Потом Ноубл говорит:

– Ее нашел ребенок. Он увидел ее правую руку, торчащую из-под дивана.

Тишина.

Потом Ноубл кивает и говорит:

– Да, и я думаю, что все это случилось следующим образом: я думаю, что ты отвез ее в Брэдфорд, привел на свалку, ударил по голове камнем или кирпичом, а потом стал прыгать по ней до тех пор, пока у нее не переломались все ребра и не лопнула печень. У тебя не было с собой ножа, но ты решил попробовать обставить это дело как убийство Потрошителя. Поэтому ты задрал ей лифчик, стащил трусы, снял джинсы, а потом подтащил ее за шиворот к дивану и надвинул его на нее. Потом ты забросил подальше ее сумку и отвалил.

Тишина.

Потом я говорю:

– Но почему?

– Судебная медицина, Бобби, – говорит Олдерман. – Твои следы на ее одежде, ее – на твоей, ты везде – в ее квартире, под ее ногтями и в ее влагалище, на…уй.

– Но зачем? Зачем мне ее убивать?

Тишина.

– Боб, мы знаем, – говорит Олдерман, глядя на Ноубла.

– Что знаете?

– Что она была беременна, – подмигивает он.

Тишина, потом Ноубл говорит:

– И ребенок был твой.

Я ору, мои ладони прижаты к столу, Олдерман и Прентис пытаются удержать меня на месте, Ноубл уходит.

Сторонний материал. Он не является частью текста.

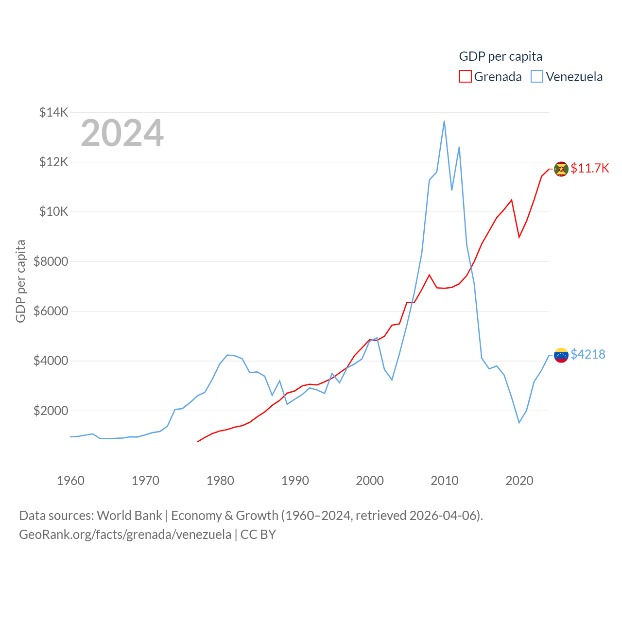 By GDP, Grenada ranks 184/197 ($1.37B) and Venezuela ranks 65/197 ($120B). By GDP per capita, Grenada ranks 80/197 ($11,705), while Venezuela ranks 128/197 ($4,218).
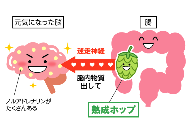 熟成ホップを摂取すると、腸に入った熟成ホップの成分が迷走神経を刺激して、脳内物質ノルアドレナリンの量を増加させます。
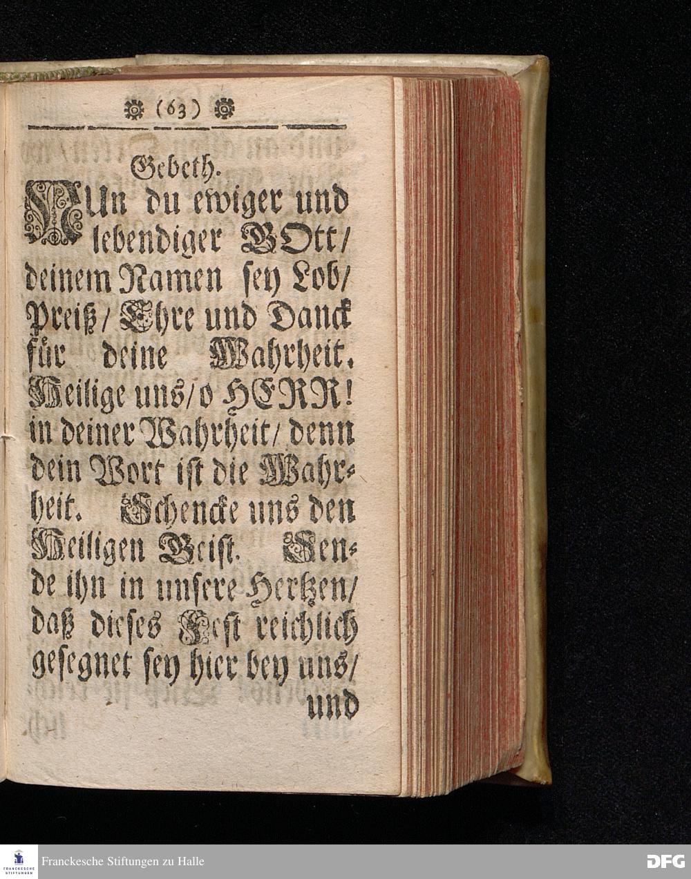 Vorbereitung auf das Heilige Pfingst=Fest / nach Anleitung Der Worte Pauli Rom. VIII, 8--14. in öffentlicher Versammlung auf dem Wäysen=Hause zu Glaucha an Halle / den 18.Maj.1709. ertheilet Von August Hermann Francken / S.Theol.Prof.und Past Vlric. Andere Auflage. HALLE, in Verlegung des Wäysen=Hauses. 1723.
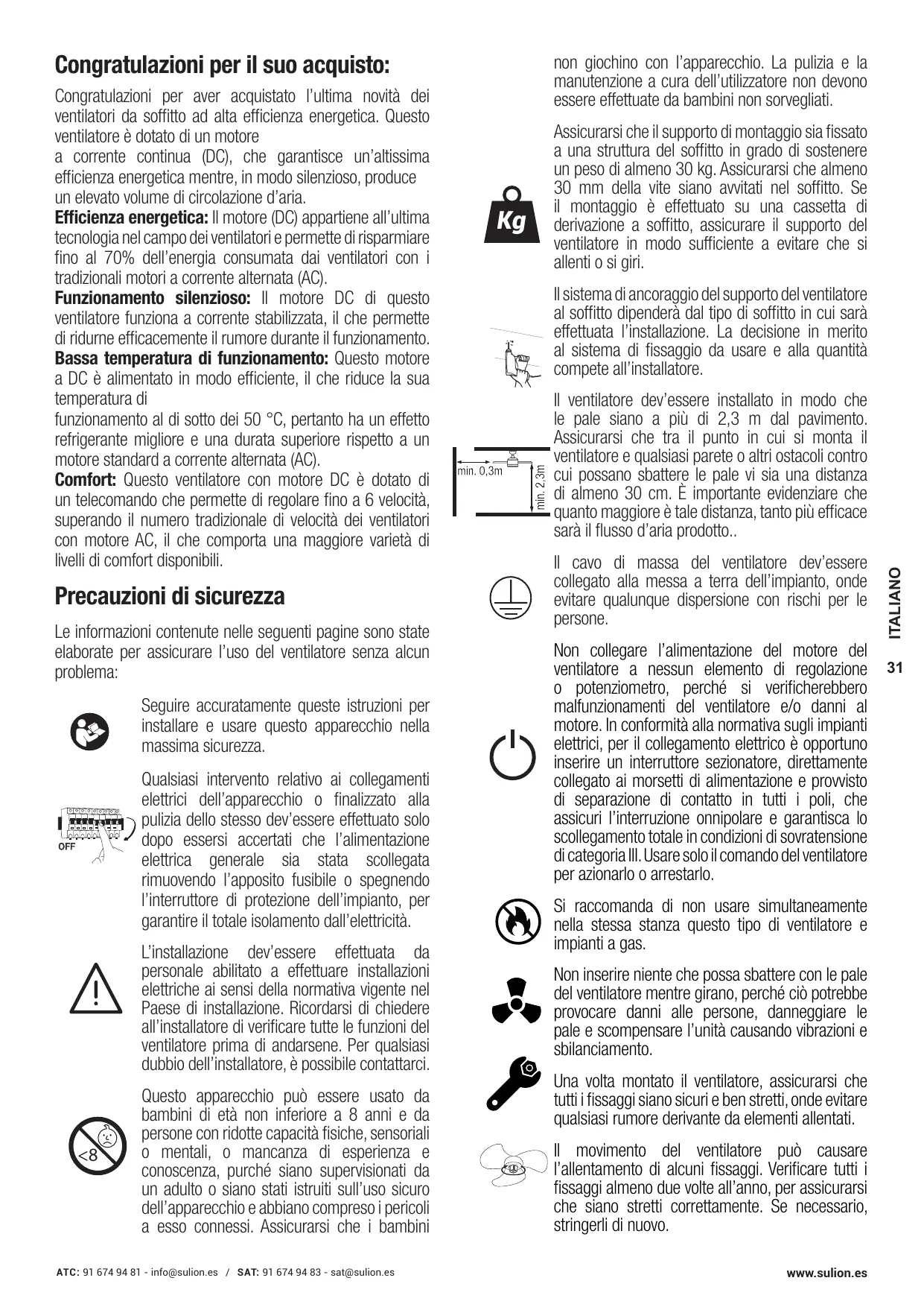 Sulion garantisce il corretto funzionamento delle appa- recchiature e le eventuali riparazioni o forniture di pezzi di ricambio in caso di difetti di fabbricazione fino a 3 anni dalla data di vendita. Questa garanzia à di 5 anni per i diodi LED e 8 anni per il motore della vento- la CC. Sulion non è responsabile per un uso improprio.

Крича снова и снова, опять и опять.

– Спросите его, спросите Эрика Холла, мать его. Приведите его сюда. Это не я. Это не я, мать вашу. Я бы никогда не смог.

Порезы, которые будут вечно кровоточить, ушибы, которые никогда не заживут,

– Спросите его, спросите эту чертову падлу. Это он, я знаю, что это он. Это не я. Я не смог бы. Никогда в жизни!

Крича снова и снова, опять и опять.

Я захлебываюсь, моя голова зажата у кого-то подмышкой, Олдерман и Прентис пытаются усадить меня на место, Ноубла нет.

– Все дело в том, – говорит Ноубл, – что, если верить Эрику, Дженис звонила ему и просила защиты. От тебя.

– Херня собачья.

– Ладно, тогда откуда он знает о том, что она была беременна от тебя, если она никогда ему не звонила?

– Она звонила ему, чтобы попросить денег. Она была его информатором до тех пор, пока он не стал ее сутенером.

– Бобби, Бобби, Бобби. Давай не будем переливать из пустого, бля, в порожнее.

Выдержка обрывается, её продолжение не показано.